MANY LOVES A Small Reflection on the Spiritual Life

MANY LOVES A Small Reflection on the Spiritual Life

 

 

MANY LOVES

 A Small Reflection on the Spiritual Life

James Ishmael Ford

 

Today I want to talk of love as the many splendored thing that it is.

Frankly, love is a subject one should return to regularly in a church, don’t you think? And we’re still quite close to Valentine’s Day. I’d bet some of us still have Valentine’s chocolates uneaten at home. Well, maybe. So, while still in the general area of that peculiar holiday, let’s look once more at love.

Romantic love, obviously, is the subject for the holiday. And it is worthy. And there are reasons it can be hurtful to talk about. But there are other loves to consider, as well. And today, while touching on several aspects, I want to mostly focus on that aspect of love called friendship.

I want to reflect on what it means to care deeply for another, and how that act of friendship changes lives. I suggest friendship, real friendship, is not only part of some larger mystery we call love. But friendship is one of the most important of the several faces of love.

A dear friend once suggested a friend is someone who will help you move. Being of a somewhat jaundiced nature he then added, however, a real friend will help you move a body. It occurred to me he was only half-joking. And I’ve been haunted by that line ever since, as one of those “turning phrases,” a word that points into something, and won’t let you escape, even if you want too.

No doubt friendship is a mutable term with casual and more profound meanings. For instance, in our Facebook age “friend” has come simply to mean someone with whom you may have the most casual and fleeting relationship, where even that old sturdy but now nearly lost word “acquaintance” would be too strong. As much as I enjoy Facebook, I believe Facebook’s use of the word “friend” has become a tawdry thing, a debasing of a word that deserves better.

So. What about that friendship as an aspect of love, the friendship that calls you to help move a body? The Greeks, as anyone who has studied the New Testament or has had to endure friends who have studied the New Testament knows, have a very helpful understanding of how this all comes together. They have four terms for differing facets of what we as English speakers all cram together and call love. The big ones are eros, romantic or erotic love and agape, what we usually think of as Divine love. Given less attention, but nonetheless in the family of love and powerful and true loves are storge, affection or familial love, and philia, friendship.

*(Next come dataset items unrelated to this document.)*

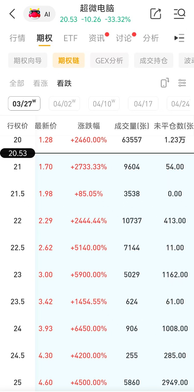 其中一看跌期權(SMCI_260327_P_20.0)交易量達6.36萬張,該合約行權價爲20.0美元,行權日在2026-03-27,該張期權漲2460.0%。
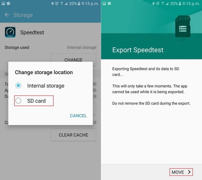 برای انتقال اپلیکیشن های خود به کارت حافظه کار چندان سختی را پیش رو ندارید. برای انجام این کار ابتدا شما باید به منوی Applications گوشی خود که در قسمت Settings قرار دارد دسترسی پیدا کنید. سپس باید به منوی Application Manager رجوع کرده و اپلیکیشنی را که قصد جابجایی آن را دارید انتخاب کنید. در این قسمت شما وارد صفحه ی Application info شده اید که در این جا شما باید گزینه ی Storage را انتخاب کنید. در قسمت Storage Used شما میتوانید مشاهده کنید که اپلیکیشن انتخابی شما در کدام حافظه قرار گرفته است. اگر برنامه ی مورد نظر شما در حافظه ی داخلی ذخیره شده است، شما میتوانید با انتخاب گزینه ی SD Card برنامه ی مورد نظر را به کارت حافظه انتقال دهید.
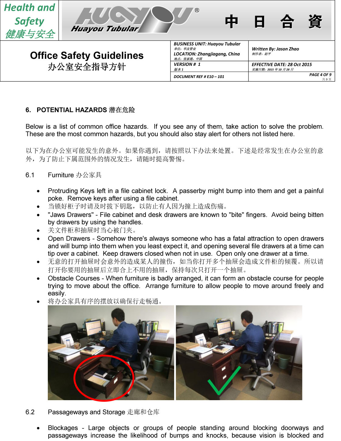 華友辦公室安全指導方針

The mid-twentieth century Christian apologist C. S. Lewis wrote a delightful if occasionally eccentric study titled the Four Loves, which if you’ve not read, I commend to you. One of his points is how these loves really are connected. In fact, each informs the others. And I am really taken with that point. I believe as we look at one kind of love, each of the others are illuminated and illuminate the whole of our human experience of intimacy. And that’s what it’s all about, intimacy. Whatever form love takes. Intimacy. As we explore each aspect of our intimate encounters within our live, I believe we’re on the way to meaning and purpose and direction.

And so agape, which for me is that sense of the greater, those moments where I realize wI am part of something of which I am not really the center is an idea until I find it in moments of presence to another. It is an idea unless it’s found in romantic or filial or neighborly love. God’s hands, the wise tell us, are our hands. Here the dream manifests.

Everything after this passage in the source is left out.